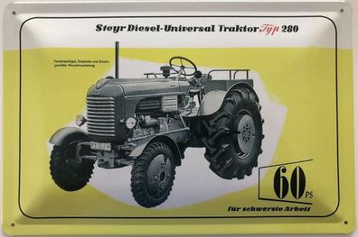 • Blechschild 30 X 20 cm Steyr-Diesel Traktor Typ 280 mit 60 PS
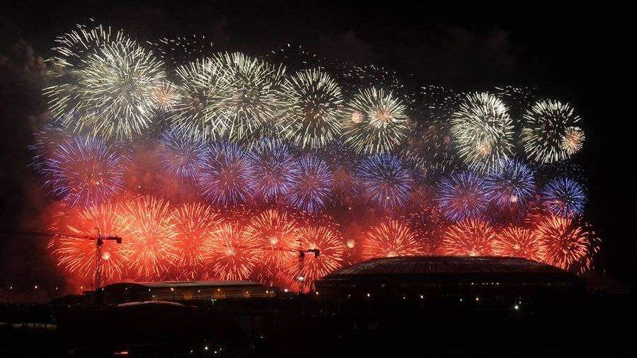 Завершили пиротехническое шоу расчеты салютных установок калибров от 105 до 310 мм, которые озарили небо снопами белых, синих и красных цветов.
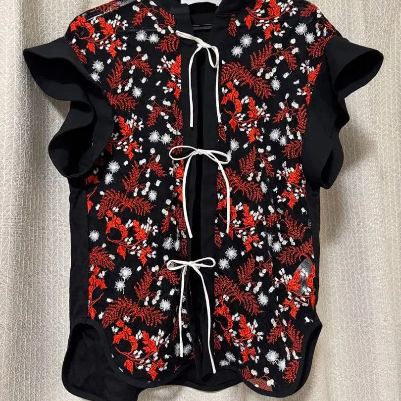 마메 쿠로구치 19aw 꽃무늬 자수 반팔 상의 사이즈 2
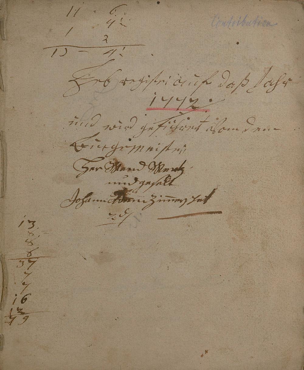 Kontributionsregister angefertigt von Bürgermeister Hermann Merz und Geselle Johann Adam Zimmerschied
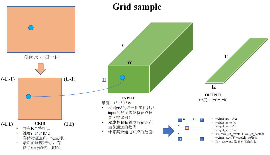 构建grid:将归一化后的特征点罗列起来,构成一个尺度为1*1*K*2的张量,其中K表示特征数量,2分别表示xy坐标。
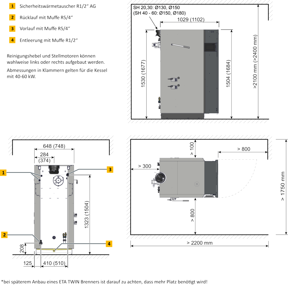 | Puffervolumen | Liter | >1.100, optimal 2.000 | >2.200, optimal 3.000 | |||
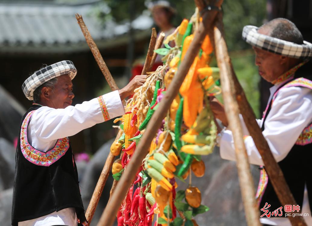2020年8月27日,在湖南省邵阳市隆回县虎形山瑶族乡崇木凼村,两位花瑶姑娘在进行民俗表演。每年农历七月初八至初十,隆回县小沙江镇和虎形山瑶族乡的瑶族同胞们载歌载舞、赶集会友,纪念传统节日"讨僚皈"。(曾勇摄/光明图片)
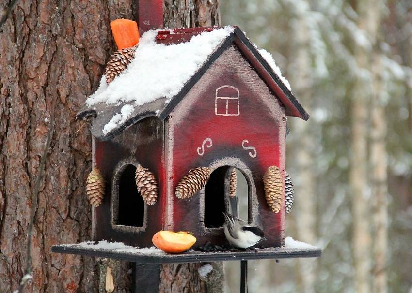 Оригинальные скворечники для птиц можно построить из старой металлической посуды (например, блюдо, плоский поднос). Для подобных материалов дополнительно строят домик, который будет защищать корм от хищных птиц и грызунов, а также оборудуют конструкцию подвесными крепежами.

^^^^

# Problem details
Transcribe the records verbatim, excluding pictures.

# Solution for this problem
 • Blechschild 30 X 20 cm Steyr-Diesel Traktor Typ 280 mit 60 PS
 Завершили пиротехническое шоу расчеты салютных установок калибров от 105 до 310 мм, которые озарили небо снопами белых, синих и красных цветов.
 마메 쿠로구치 19aw 꽃무늬 자수 반팔 상의 사이즈 2
 Kontributionsregister angefertigt von Bürgermeister Hermann Merz und Geselle Johann Adam Zimmerschied
 构建grid:将归一化后的特征点罗列起来,构成一个尺度为1*1*K*2的张量,其中K表示特征数量,2分别表示xy坐标。
 | Puffervolumen | Liter | >1.100, optimal 2.000 | >2.200, optimal 3.000 | |||
2020年8月27日,在湖南省邵阳市隆回县虎形山瑶族乡崇木凼村,两位花瑶姑娘在进行民俗表演。每年农历七月初八至初十,隆回县小沙江镇和虎形山瑶族乡的瑶族同胞们载歌载舞、赶集会友,纪念传统节日"讨僚皈"。(曾勇摄/光明图片)
 Оригинальные скворечники для птиц можно построить из старой металлической посуды (например, блюдо, плоский поднос). Для подобных материалов дополнительно строят домик, который будет защищать корм от хищных птиц и грызунов, а также оборудуют конструкцию подвесными крепежами.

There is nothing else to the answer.